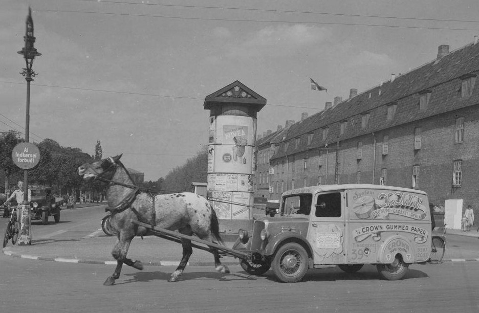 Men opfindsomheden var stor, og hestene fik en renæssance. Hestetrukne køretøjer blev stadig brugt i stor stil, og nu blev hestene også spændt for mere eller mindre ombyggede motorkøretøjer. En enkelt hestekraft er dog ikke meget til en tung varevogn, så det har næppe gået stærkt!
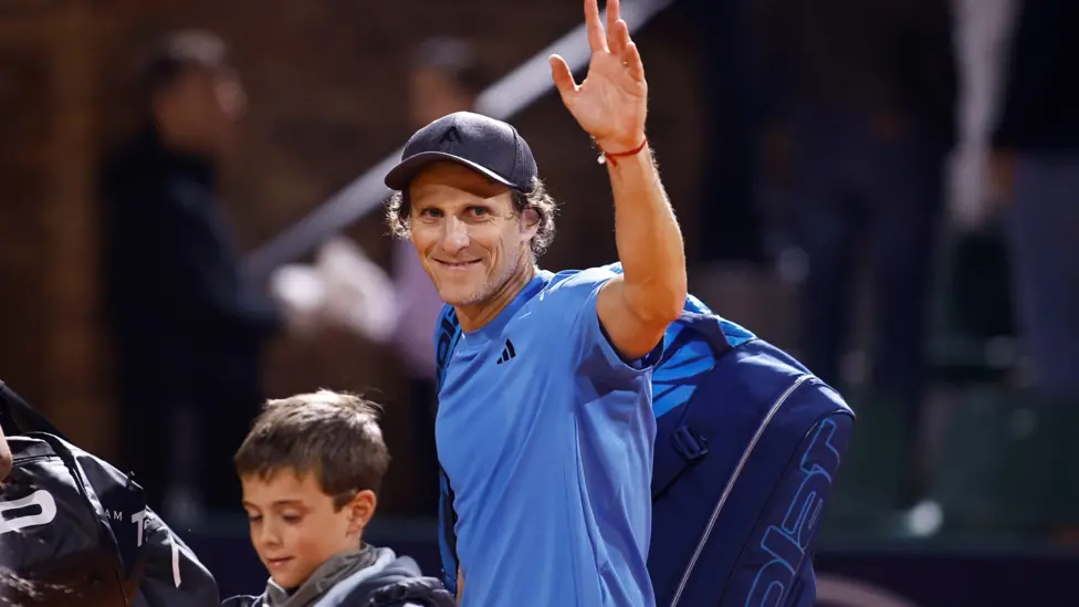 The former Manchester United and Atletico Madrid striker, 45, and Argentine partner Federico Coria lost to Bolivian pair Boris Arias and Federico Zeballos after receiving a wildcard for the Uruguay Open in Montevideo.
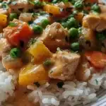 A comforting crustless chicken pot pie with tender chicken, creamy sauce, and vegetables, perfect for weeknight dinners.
...
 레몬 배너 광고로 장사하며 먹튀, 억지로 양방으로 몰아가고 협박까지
...
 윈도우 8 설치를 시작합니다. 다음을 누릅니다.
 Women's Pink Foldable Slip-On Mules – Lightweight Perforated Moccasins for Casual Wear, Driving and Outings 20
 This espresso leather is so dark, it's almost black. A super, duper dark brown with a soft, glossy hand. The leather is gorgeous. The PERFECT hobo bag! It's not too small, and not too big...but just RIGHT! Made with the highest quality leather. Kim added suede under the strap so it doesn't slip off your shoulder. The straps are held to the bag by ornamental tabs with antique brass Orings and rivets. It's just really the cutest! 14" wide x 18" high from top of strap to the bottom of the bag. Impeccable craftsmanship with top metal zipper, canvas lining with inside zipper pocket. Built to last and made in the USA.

> [Work task]: Look above for the line with "Men opfindsomheden var" and the line with "A comforting crustless", then restate exactly those two lines and all lines between them, with no pictures.

> [Exercise output]:
 Men opfindsomheden var stor, og hestene fik en renæssance. Hestetrukne køretøjer blev stadig brugt i stor stil, og nu blev hestene også spændt for mere eller mindre ombyggede motorkøretøjer. En enkelt hestekraft er dog ikke meget til en tung varevogn, så det har næppe gået stærkt!
 The former Manchester United and Atletico Madrid striker, 45, and Argentine partner Federico Coria lost to Bolivian pair Boris Arias and Federico Zeballos after receiving a wildcard for the Uruguay Open in Montevideo.
 A comforting crustless chicken pot pie with tender chicken, creamy sauce, and vegetables, perfect for weeknight dinners.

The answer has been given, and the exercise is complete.